About this exercise
Look for the line that has "of screens with" in the material below; please repeat it and every line after it, exactly, up to and including the line that has "하프 핑거 플립 따뜻한", and nothing else.

Exercise inputs
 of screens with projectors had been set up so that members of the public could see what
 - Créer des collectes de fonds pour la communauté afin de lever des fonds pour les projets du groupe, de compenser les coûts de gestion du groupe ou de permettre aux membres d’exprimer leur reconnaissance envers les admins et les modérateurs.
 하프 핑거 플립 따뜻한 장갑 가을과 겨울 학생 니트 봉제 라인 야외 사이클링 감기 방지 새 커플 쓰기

---

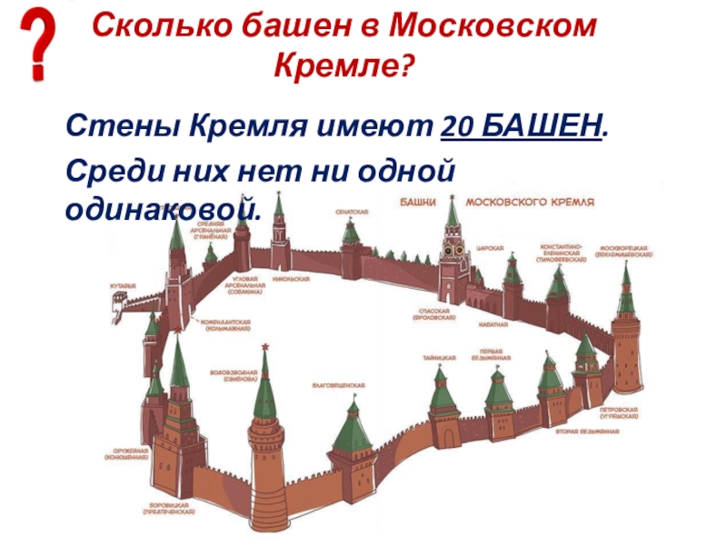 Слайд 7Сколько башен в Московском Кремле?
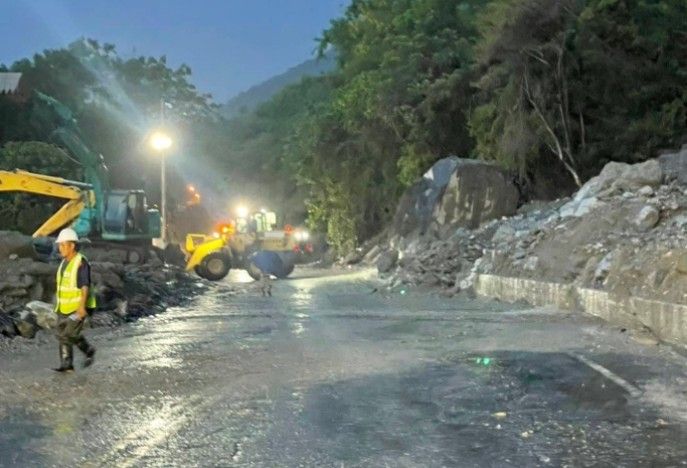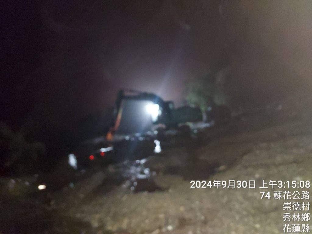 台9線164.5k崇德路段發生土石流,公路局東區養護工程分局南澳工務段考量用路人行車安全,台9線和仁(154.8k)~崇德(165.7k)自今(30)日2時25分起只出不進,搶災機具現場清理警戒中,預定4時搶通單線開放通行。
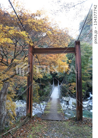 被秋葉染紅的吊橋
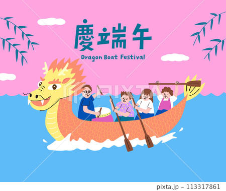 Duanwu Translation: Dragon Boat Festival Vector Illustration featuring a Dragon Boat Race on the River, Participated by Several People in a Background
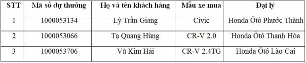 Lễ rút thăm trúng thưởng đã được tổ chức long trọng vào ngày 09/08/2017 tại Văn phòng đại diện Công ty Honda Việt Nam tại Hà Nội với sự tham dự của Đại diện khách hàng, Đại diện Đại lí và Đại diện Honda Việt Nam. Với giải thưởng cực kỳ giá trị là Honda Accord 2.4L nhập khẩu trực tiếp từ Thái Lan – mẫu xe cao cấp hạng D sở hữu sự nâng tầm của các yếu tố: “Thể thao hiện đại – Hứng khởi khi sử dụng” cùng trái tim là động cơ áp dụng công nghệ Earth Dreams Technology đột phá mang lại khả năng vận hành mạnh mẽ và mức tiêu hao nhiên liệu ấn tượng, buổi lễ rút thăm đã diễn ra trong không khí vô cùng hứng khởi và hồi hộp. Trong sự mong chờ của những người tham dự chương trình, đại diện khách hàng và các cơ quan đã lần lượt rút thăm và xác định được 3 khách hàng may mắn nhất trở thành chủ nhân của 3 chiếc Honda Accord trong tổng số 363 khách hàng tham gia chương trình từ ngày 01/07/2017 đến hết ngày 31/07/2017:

Your solution
 of screens with projectors had been set up so that members of the public could see what
 - Créer des collectes de fonds pour la communauté afin de lever des fonds pour les projets du groupe, de compenser les coûts de gestion du groupe ou de permettre aux membres d’exprimer leur reconnaissance envers les admins et les modérateurs.
 하프 핑거 플립 따뜻한 장갑 가을과 겨울 학생 니트 봉제 라인 야외 사이클링 감기 방지 새 커플 쓰기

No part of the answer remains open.